NEW YORK, June 24 (Reuters) - New Jersey’s Democratic-led state legislature approved on Monday a $33 billion budget deal that avoids controversial new initiatives and tax cuts as the state’s Republican Governor Chris Christie and the entire legislature face re-election.
The bare-bones budget for the 2014 fiscal year that begins July 1 closely mirrors the original budget blueprint proposed by Christie.
Democrats added $97.2 million to the governor’s original proposal, though the spending was offset by savings elsewhere. That included restoring education dollars to ensure that all school districts had no less money on hand than last year, and money for nursing homes and cancer research.
“This budget does not accomplish all that we had hoped, but by negotiating with the administration we were able to provide much needed funding in areas critical to New Jersey’s seniors and our schools,” Senate President Steve Sweeney said in a statement.
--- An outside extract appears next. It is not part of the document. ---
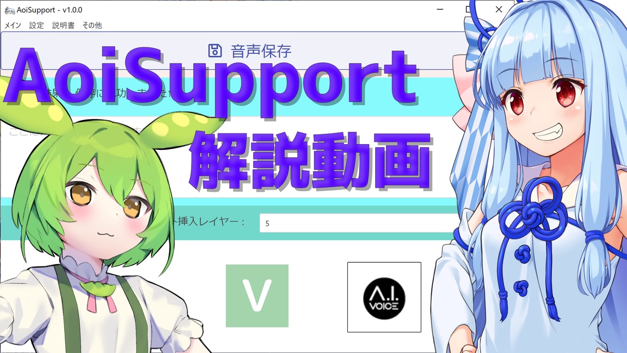 音声合成ソフトを利用した動画制作支援ツールであるAoiSupportの導入方法を解説した動画です!<br>AoiSupportの概要を説明した動画もあるので、そちらもご参照ください。(<a href="https://www.nicovideo.jp/watch/sm39661703" class="watch">sm39661703</a>)<br><br>↓ツール本体の配布場所及び説明書はこちらです↓<br><a href="https://aoi-chan.moe/aoisupport/" target="_blank" rel="noopener nofollow">https://aoi-chan.moe/aoisupport/</a><br><br>↓Mac版はこちら↓<br><a href="https://aoi-chan.moe/aoisupport-mac/" target="_blank" rel="noopener nofollow">https://aoi-chan.moe/aoisupport-mac/</a><br><br>目次は以下です。数字をクリックするとその解説場所までシークできます。<br><a href="#" class="seekTime" data-seekTime="00:08" onclick="seekNicoPlayer('#00:08'); return false;">#00:08</a> はじめのあいさつ<br><a href="#" class="seekTime" data-seekTime="00:37" onclick="seekNicoPlayer('#00:37'); return false;">#00:37</a> AoiSupport本体設定<br><a href="#" class="seekTime" data-seekTime="02:02" onclick="seekNicoPlayer('#02:02'); return false;">#02:02</a> AviUtl設定<br><a href="#" class="seekTime" data-seekTime="03:51" onclick="seekNicoPlayer('#03:51'); return false;">#03:51</a> A.I.VOICE、VOICEROID2設定<br><a href="#" class="seekTime" data-seekTime="11:02" onclick="seekNicoPlayer('#11:02'); return false;">#11:02</a> VOICEVOX設定<br><a href="#" class="seekTime" data-seekTime="13:44" onclick="seekNicoPlayer('#13:44'); return false;">#13:44</a> 削除・置換機能紹介<br><a href="#" class="seekTime" data-seekTime="14:35" onclick="seekNicoPlayer('#14:35'); return false;">#14:35</a> YMM4設定<br><a href="#" class="seekTime" data-seekTime="16:16" onclick="seekNicoPlayer('#16:16'); return false;">#16:16</a> 今後のアップデート予定<br><a href="#" class="seekTime" data-seekTime="17:53" onclick="seekNicoPlayer('#17:53'); return false;">#17:53</a> 終わりのあいさつ<br><br>AoiSupportはPSDToolKitに強く依存しています。必要に応じてPSDToolKitの制作者様のチュートリアルもご参照ください。<br><a href="https://oov.github.io/aviutl_psdtoolkit/tutorial.html" target="_blank" rel="noopener nofollow">https://oov.github.io/aviutl_psdtoolkit/tutorial.html</a><br><br>うまく動かない場合は下記まで連絡いただけると幸いです。<br>Twitter:<a href="https://twitter.com/Mrs_NeedleMouse" target="_blank" rel="noopener nofollow">https://twitter.com/Mrs_NeedleMouse</a><br>ブログ:<a href="https://aoi-chan.moe" target="_blank" rel="noopener nofollow">https://aoi-chan.moe</a><br><br><br>A.I.VOICEの命名規則の推奨文字<br>{yyyyMMdd}-{HHmmss}-{Number}-{VoicePreset}-{Text}<br><br>この動画は以下のソフト、キャラクターを使用しております。<br>A.I.VOICE:琴葉葵<br>A.I.VOICE:結月ゆかり(雫)<br>VOICEVOX:ずんだもん:<a href="https://voicevox.hiroshiba.jp/" target="_blank" rel="noopener nofollow">https://voicevox.hiroshiba.jp/</a><br><br>追記1:ガイノイドTalkはVOICEROID2と設定内容が同じなので、VOICEROID2設定をご参照ください<br>追記2:COEIROINKはVOICEVOXと設定内容が同じなので、VOICEVOX設定をご参照ください<br>追記3:CeVIO AI、CeVIO CS、VOICEPEAK等、その他のソフトの解説はしていませんので、説明書の方をご参照ください<br>追記4:Mac版の仕様はほぼ同じですが、本動画はAviUtl、YMM4等の解説が中心となり、これらのソフトはMacに対応していないので説明書の方をご参照ください。

The budget also included a $1.68 billion payment to the state’s public pension system - a near $650 million increase over this year’s payment.
Last year, Christie predicted a New Jersey comeback from the recession. But the state’s economy has lagged and was dealt a major blow when Superstorm Sandy it swept ashore in October.
Christie, who is more popular with state voters than any other New Jersey governor in nearly 20 years, said his budget was balanced and included no new taxes.